Bunun ortaya çıkarılması gerekir. Ortaya çıkmaması kentin turizmi adına büyük kayıp olduğunu söyleyebiliriz.

İSKENDER PAŞA KONAĞI'NDAN FİSKAYA'YA AÇILAN GEÇİT

İskender Paşa, 1551 yılında Erzurum Beylerbeyliği'ne tayin olur. Bu görevi ifa ederken Ardanuç Kalesi'ni alır, Ardahan ve çevresini fetheder. Narman Kalesi'ni de kansız zapt eden İskender Paşa’ya, bundan sonra Diyarbakır Beylerbeyliği verilir. 

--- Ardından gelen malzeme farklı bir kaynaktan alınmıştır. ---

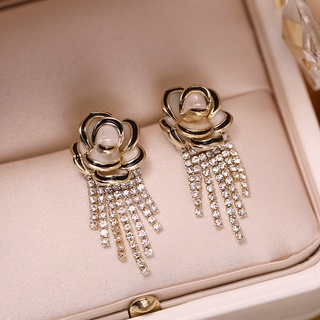 Bông Tai Hình Hoa Đính Đá Zircon Phối Tua Rua Đơn Giản Thời Trang Cho Nữ
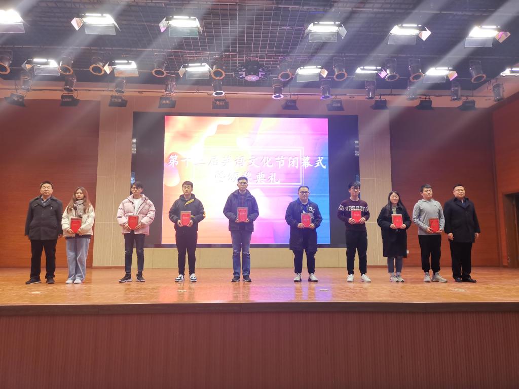 12月19日晚,临沂校区第十三届英语文化节闭幕式暨颁奖典礼在图书馆报告厅举行。临沂校区党委常务副书记李国涛,学校理学院副院长、校区基础部主任戚云松,学生工作部副主任、团委书记刘宗庆,基础部副主任李齐,教学科研部副主任孙宗明出席并为获奖学生颁奖。
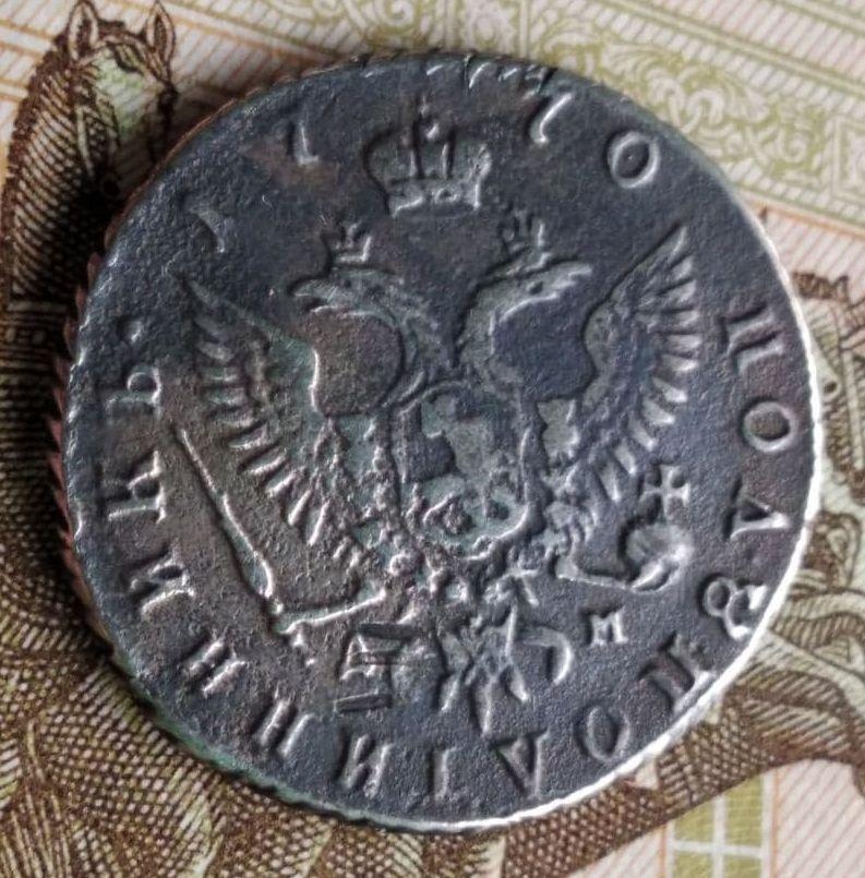 Монета представляет собой полуполтинник (25 копеек) периода правления Емператрицы Екатерины II, отчеканенный на Московском монетном дворе (ММД) в 1770 году. Данный экземпляр является подделкой, о чём прямо указано в описании поста. Подобные копии часто изготавливаются для коллекционеров, не знакомых с подлинными характеристиками монет.
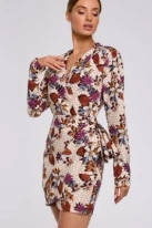Elegancka sukienka z drapowaniem dekoltem V i modnym nadrukiem
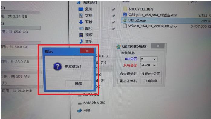 4、UEFI引導(dǎo)提示修復(fù)成功,再次重新啟動(dòng),就可以開始重裝系統(tǒng)了
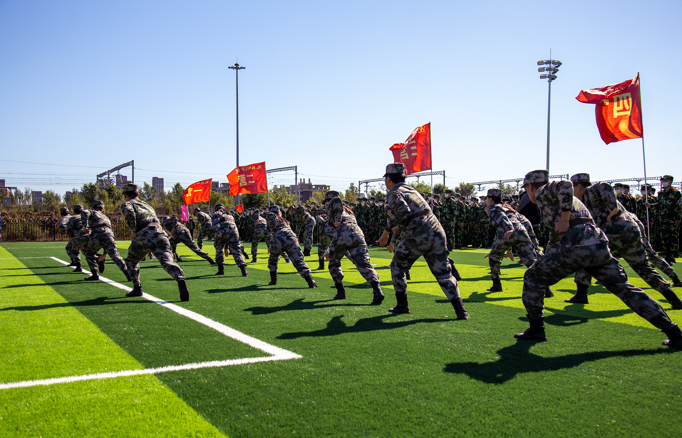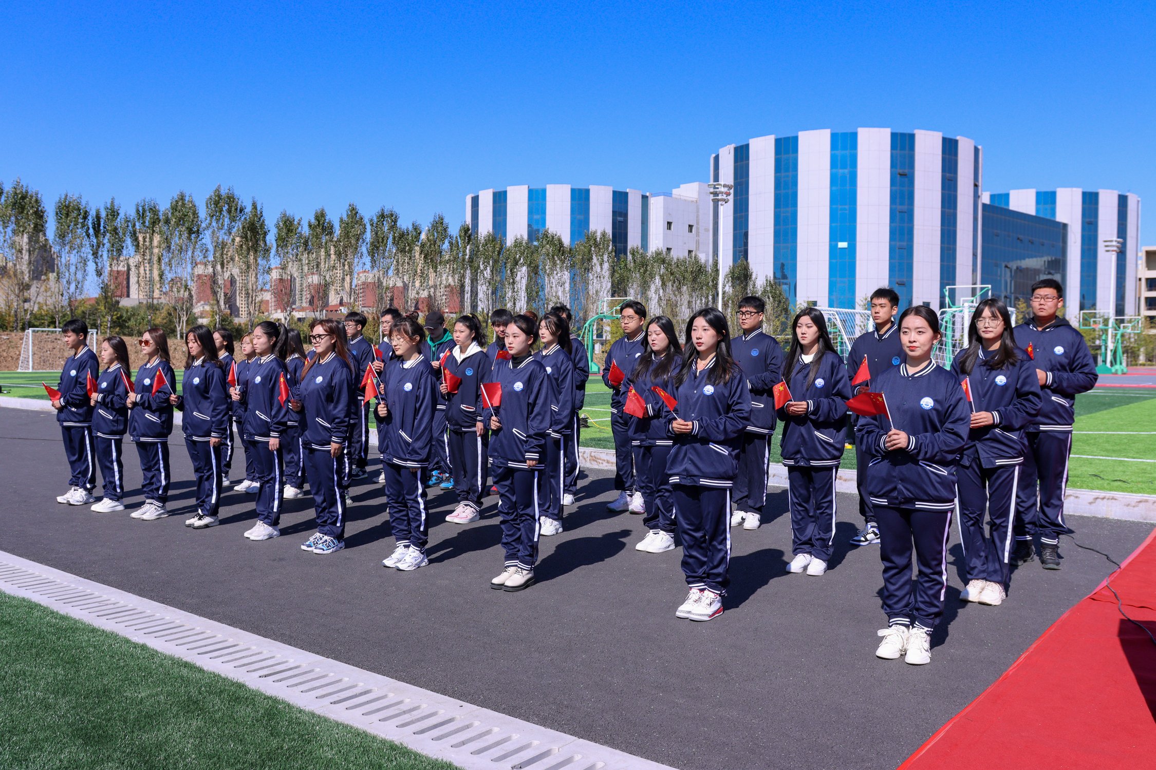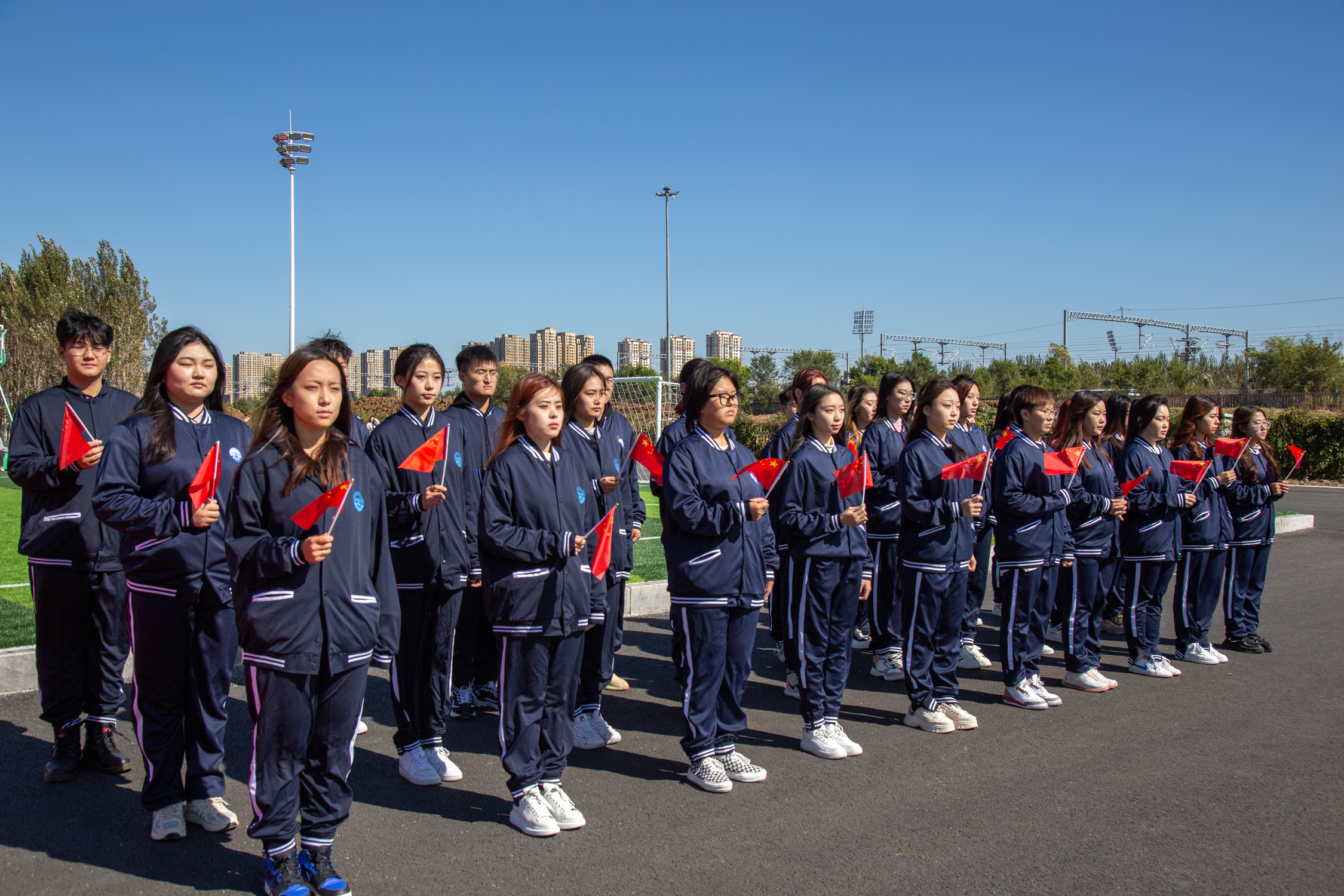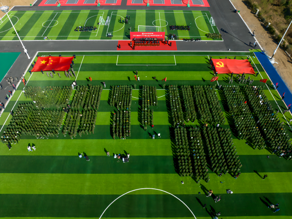 来自五湖四海的1600余名新生,迎着清晨的阳光,相聚在操场中央,
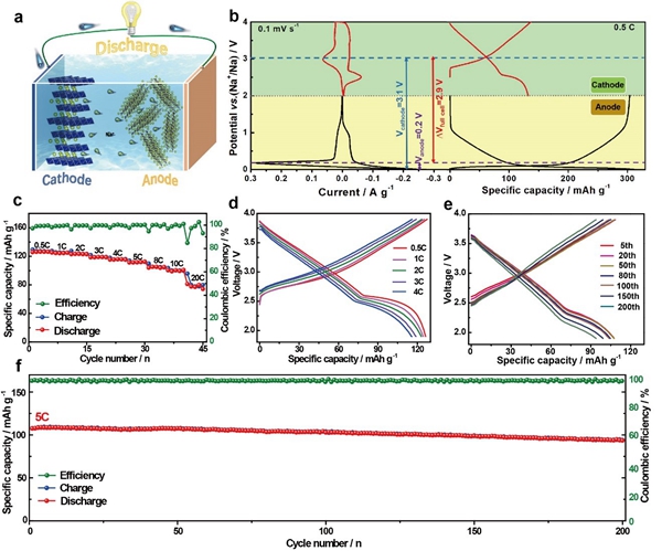图5. a) O3-NaLNMCM与硬碳组成全电池的放电示意图。b) O3-NaLNMCM与硬碳的循环伏安和恒流充放电曲线。c, d)全电池的倍率性能及相应的充放电曲线。e, f)全电池在5C倍率下的循环性能及不同循环次数的充放电曲线。

Paşa, Diyarbakır Valiliği'nde bulunduğu sırada diğer görev yerlerinde yaptığı gibi çeşitli hayır işlerini sürdürür. Diyarbakır’da İskender Paşa Camii'ni yaptıran Paşa, bir hamam ve o zaman un fabrikası görevini gören beş değirmen, bir köşk yaptırmış, Hamravat Suyu'nun şehre akmasını sağlamıştır. 

İskender Paşa’nın yaptırdığı ve yazlık olarak kullandığı bu köşkün Fiskaya'da Dicle Nehrine hakim bir konumda olduğu tahmin ediliyor. Çünkü İskender Paşa, günümüzde müze olarak kullanılan İskender Paşa Konağından Fiskayaya uzanan bir yeraltı geçidinden bu yazlık köşke fayton ile zaman zaman ailesiyle bu geçitten pikniğe gittiklerini İskender Paşa torunları da teyit ediyor.

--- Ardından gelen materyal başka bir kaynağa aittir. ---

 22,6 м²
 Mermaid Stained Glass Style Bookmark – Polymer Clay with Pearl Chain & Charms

Halen Diyarbakır'da yaşayan, İskenderoğullarının torunlarıyla yapılan görüşmede büyük ninelerinin İskender Paşa Konağı'ndan yeraltı yoluyla Fiskkaya'ya pikniğe gittiğini ifade etmişlerdir..

Bu açıklamayı değerlendirdiğimizde, Bu yer altı geçidinin bir kanalizasyon olduğunu söyleyenlerin tezini çürütmüş oluyor. Bence de bu yeraltı oluşumu kanalizasyon değildir, bir yeraltı geçididir. 

Bu geçidin son derece geniş, bazalt taşlarıyla kaplı, kavisli ters, u şeklinde bir geçit olduğu da söylenmektedir. Ayrıca Urfa Kapı'dan Balıkçılarbaşı’na  uzanan Melik Ahmet Caddesinde yapılan yol çalışmalarında ortaya çıkan bir yer altı oluşumunda odalar ve kapılardan bahsedilmektedir. Bu kazı çalışmaları sırasında çıkan altın sikkelerin yağmaya gittiği halen hatırımızdadır.